What you are asked to do - Exact retyping of the data: please keep every word and drop each picture.

Information provided -
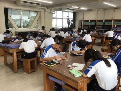 デザイン画をもとに、丁寧に彫り進めていました。
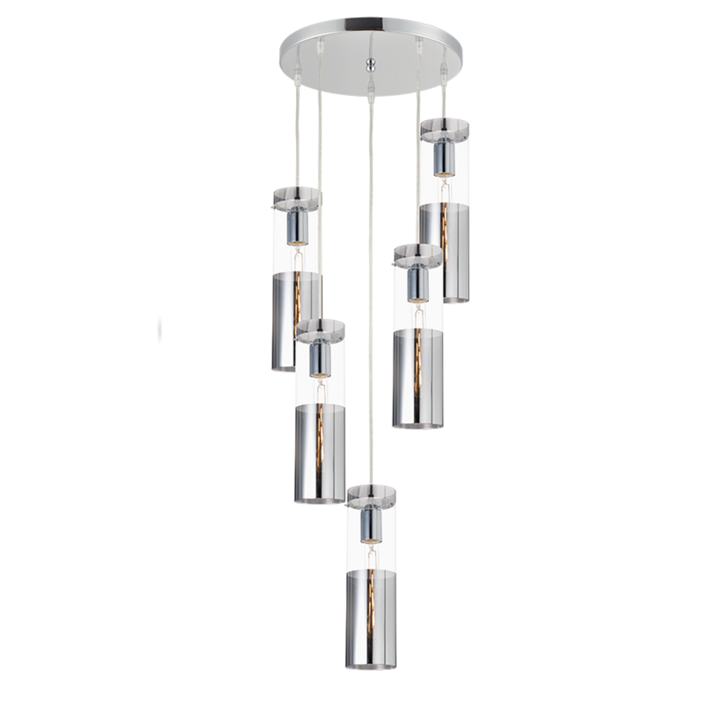 ΚΡΕΜΑΣΤΟ Φ/Σ 5ΧΕ27 ΧΡΩΜΙΟ ΓΥΑΛΙ+ΜΕΤΑΛΛΟ Φ37ΧΗ180CM DEJAVU
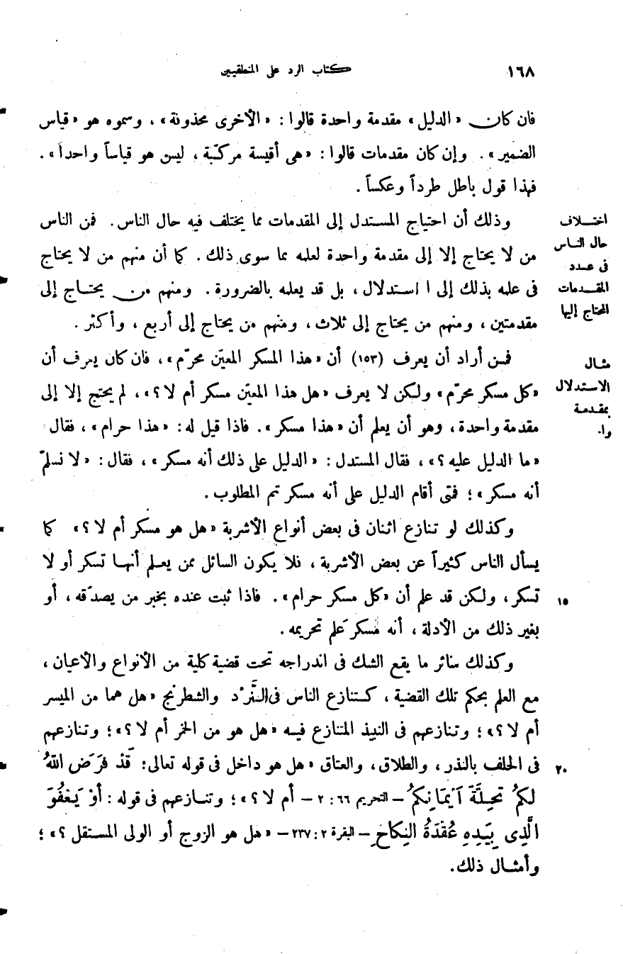 فمن أراد أن يعرف أن هذا المسكر المعين محرم فان كان يعرف أن كل مسكر محرم ولكن لا يعرف هل هذا المعين مسكر أم لا لم يحتج إلا إلى مقدمة واحدة وهو أن يعمل أن هذا مسكر فإذا قيل له هذا حرام فقال ما الدليل عليه فقال المستدل الدليل على ذلك أنه مسكر فقال لا نسلم أنه مسكر فمتى أقام الدليل على أنه مسكر تم المطلوب.

Your solution -
 デザイン画をもとに、丁寧に彫り進めていました。
 ΚΡΕΜΑΣΤΟ Φ/Σ 5ΧΕ27 ΧΡΩΜΙΟ ΓΥΑΛΙ+ΜΕΤΑΛΛΟ Φ37ΧΗ180CM DEJAVU
 فمن أراد أن يعرف أن هذا المسكر المعين محرم فان كان يعرف أن كل مسكر محرم ولكن لا يعرف هل هذا المعين مسكر أم لا لم يحتج إلا إلى مقدمة واحدة وهو أن يعمل أن هذا مسكر فإذا قيل له هذا حرام فقال ما الدليل عليه فقال المستدل الدليل على ذلك أنه مسكر فقال لا نسلم أنه مسكر فمتى أقام الدليل على أنه مسكر تم المطلوب.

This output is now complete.